WORK TO BE COMPLETED: Starting with the first line of the listing, quote each line exactly until and including the one with "尾張旭市ペット同室避難実証実験", leaving pictures out.
++++ SUPPLIED DATA ++++
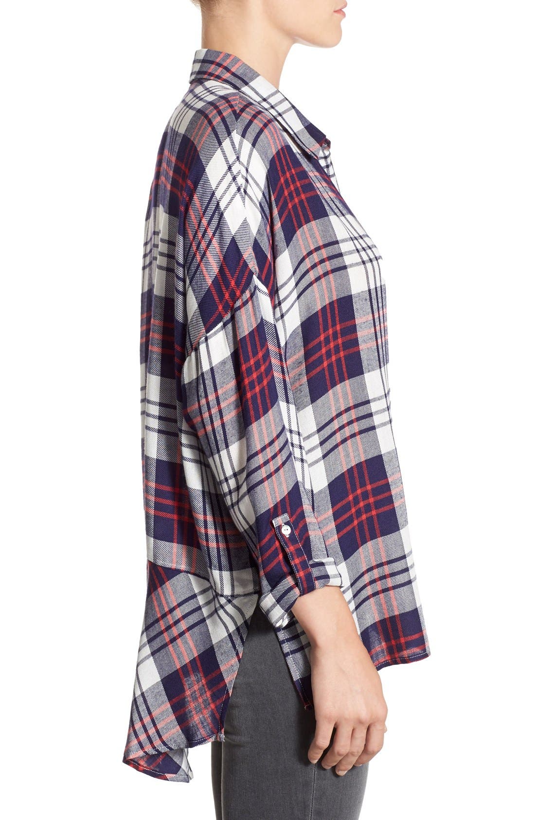 A woman wearing a purple and grey checkered shirt and grey pants. | BOBEAU,\n Split Back High/Low Plaid Shirt,\n Alternate thumbnail 5, color,\n 400 | f60af10f32414105962c0b41bd11cf4d325a7bb40c70ba3410c4e1347c02cc55 | 001229711785 | 0 | 0 | 12 | 11 | 0 | 0 | |
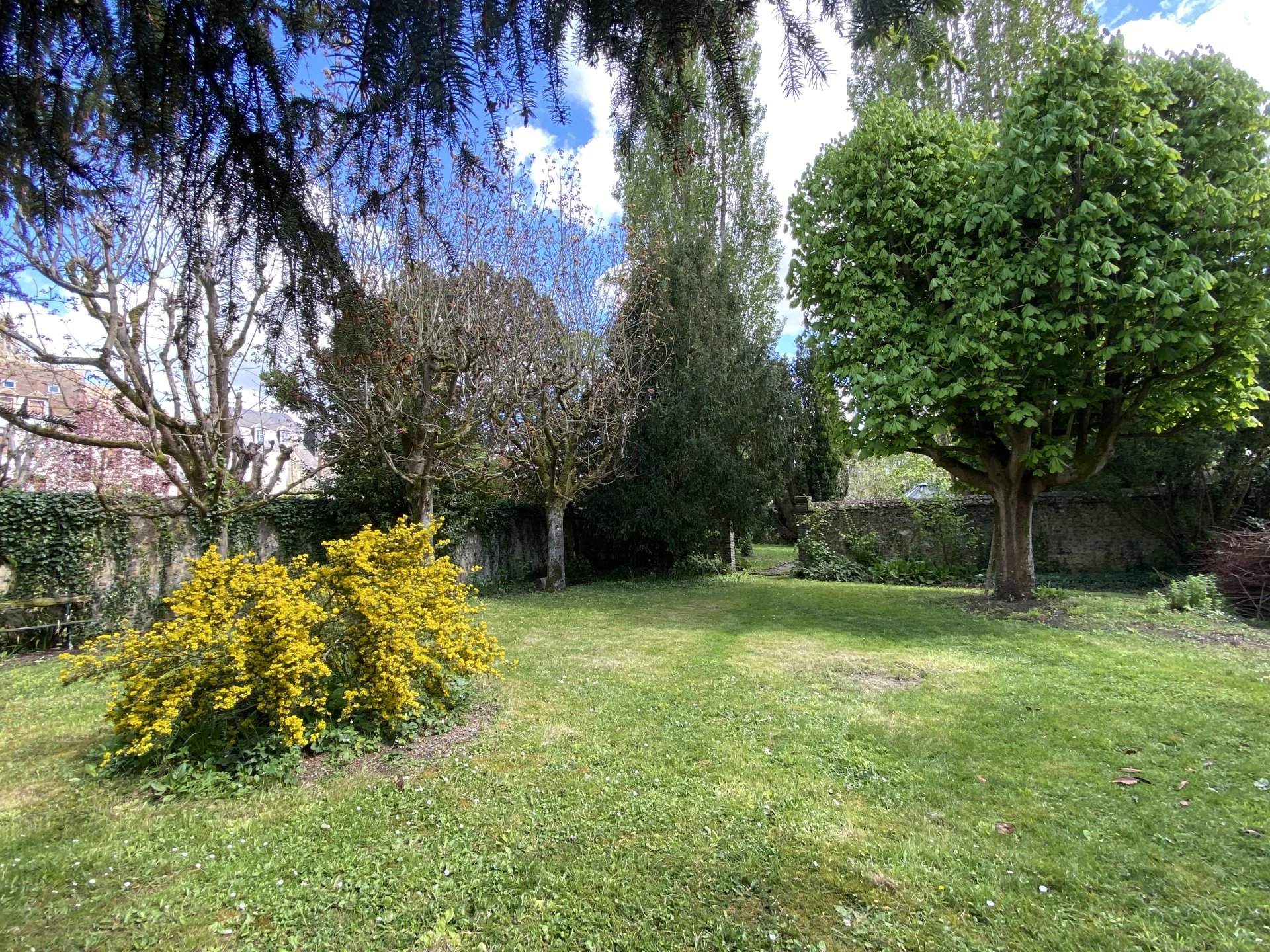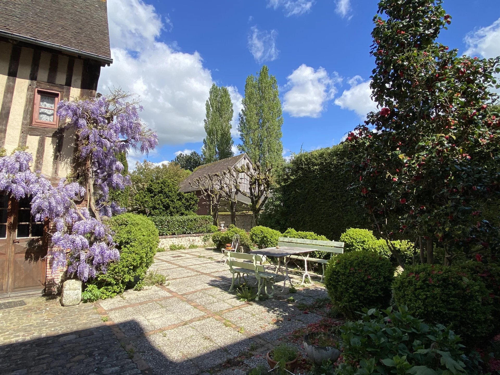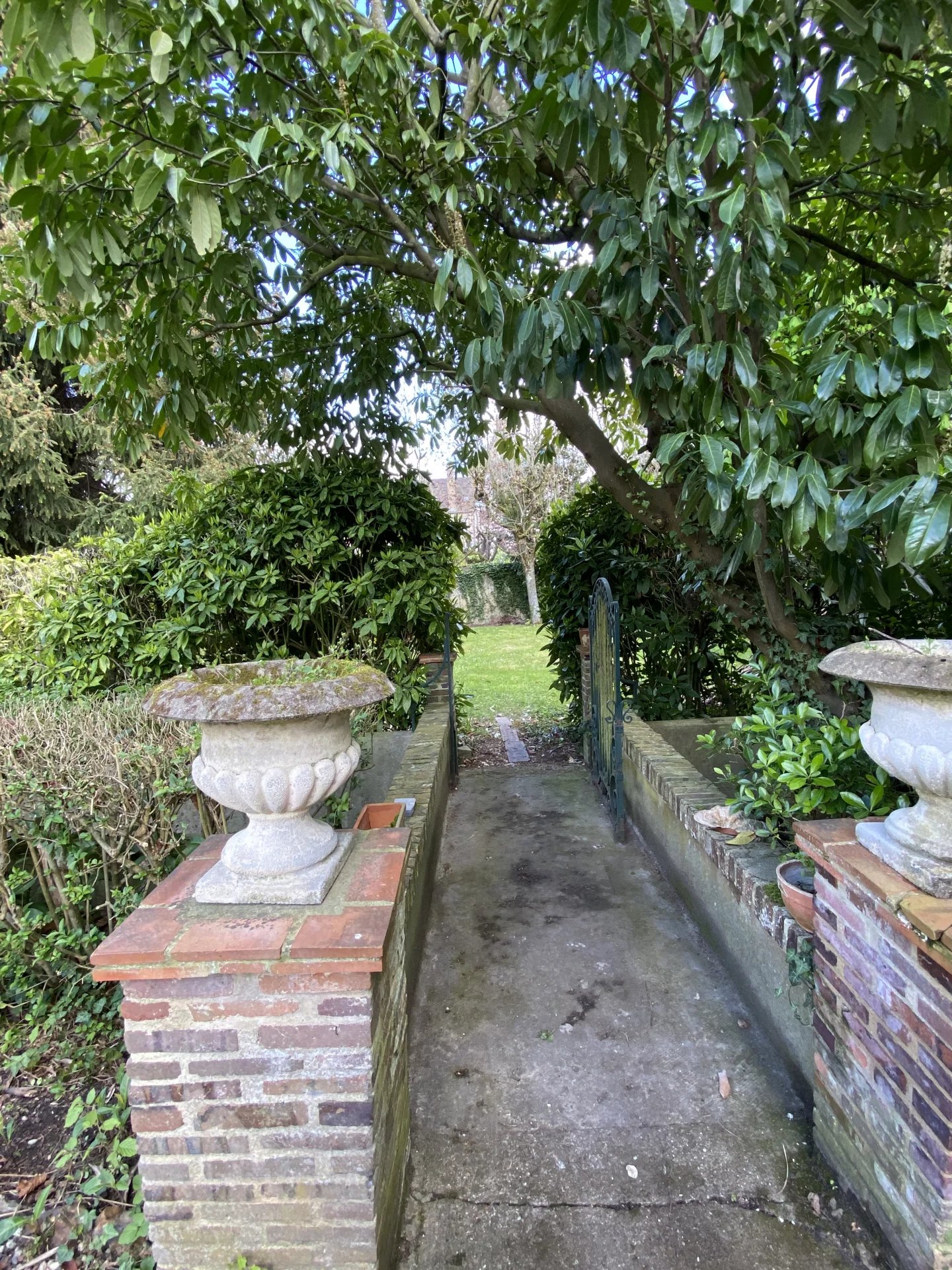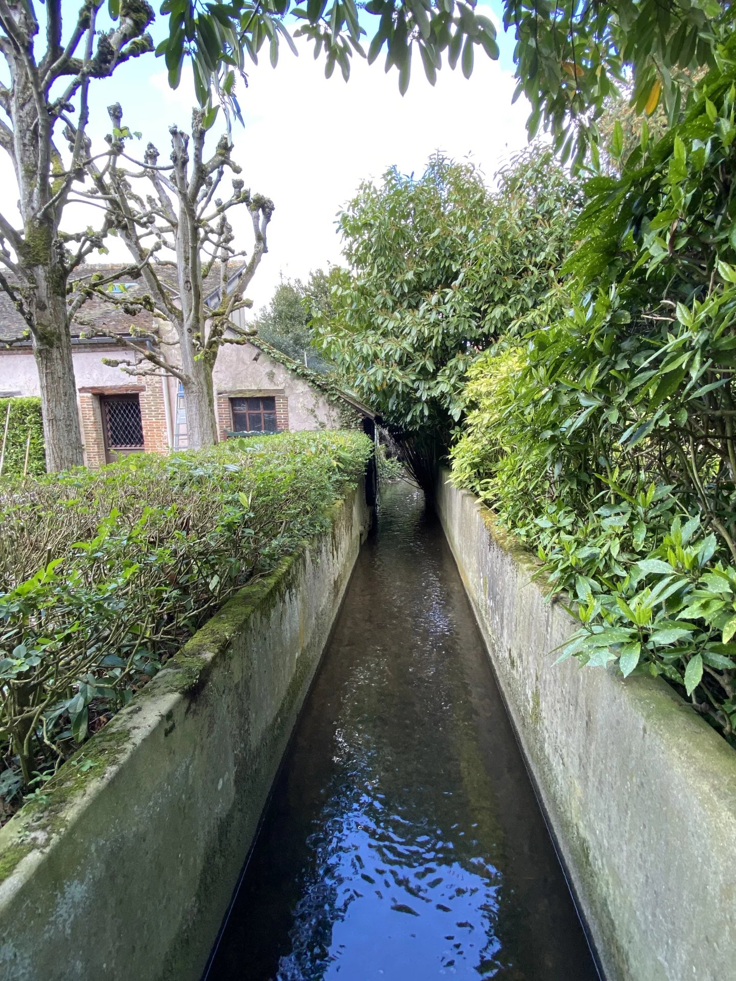 Jardin clos de 1560 m² traversé par un bras de l'Iton et plusieurs dépendances comprenant un grand garage, une salle de jeux, un lavoir, un atelier.
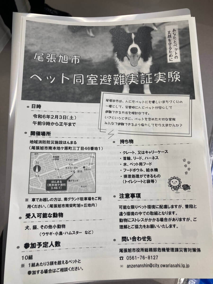 尾張旭市ペット同室避難実証実験
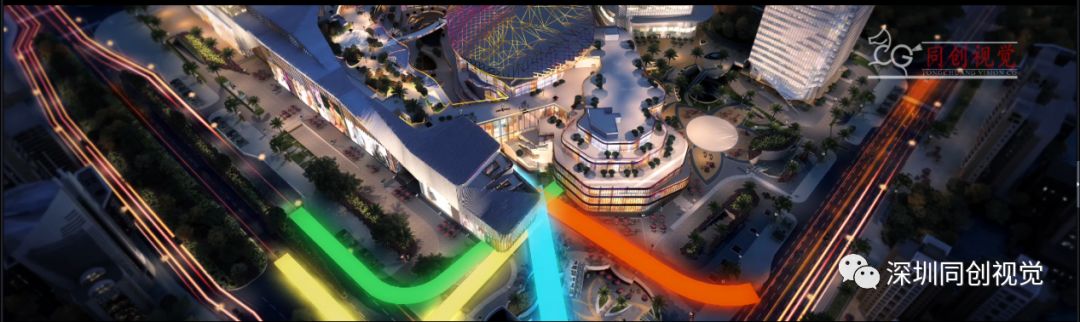 影片最后,在进行项目鸟瞰时,从项目建筑划出五彩线条,并与周边街景灯光相结合,营造无限缤纷、欣欣向荣的未来前景。此部分与片头线条相呼应,加强了缤纷的视觉效果,让观影的人印象深刻。随后带出项目logo进行定版,影片结束。
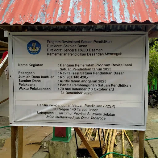 Proyek revitalisasi pendidikan yang dimaksud berada di SDN 140 Tarebbi Indah, Desa Tabaroge, Kecamatan Wotu, kabupaten Luwu Timur.
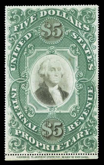 clarity of impression, full original gum, a few h.r.s, tiny thin#RB10a, $5.00 Green and black on violet paper, a remarkable bottom margin example with full imprint of George T. Jones, excellent centering, rich bright color and an excellent clarity of impression, full original gum, a few h.r.'s, tiny thin speck, a small edge repair at right and a single light toned spot, extremely fine appearance; an extraordinarily rare combination of physical characteristics: original gum, choice centering and a full imprint in the margin; because the Cunliffe collection contains three examples of the Five Dollar Proprietary stamp with an imprint (this mint single, a rejoined pair, and the fabulous strip of three), one might get the impression that they are somewhat available, however, in our exhaustive search of past revenue catalogs, we were unable to locate any other examples. (Image) for used $10,000.00
++++
ANSWER:
 A woman wearing a purple and grey checkered shirt and grey pants. | BOBEAU,\n Split Back High/Low Plaid Shirt,\n Alternate thumbnail 5, color,\n 400 | f60af10f32414105962c0b41bd11cf4d325a7bb40c70ba3410c4e1347c02cc55 | 001229711785 | 0 | 0 | 12 | 11 | 0 | 0 | |
 Jardin clos de 1560 m² traversé par un bras de l'Iton et plusieurs dépendances comprenant un grand garage, une salle de jeux, un lavoir, un atelier.
 尾張旭市ペット同室避難実証実験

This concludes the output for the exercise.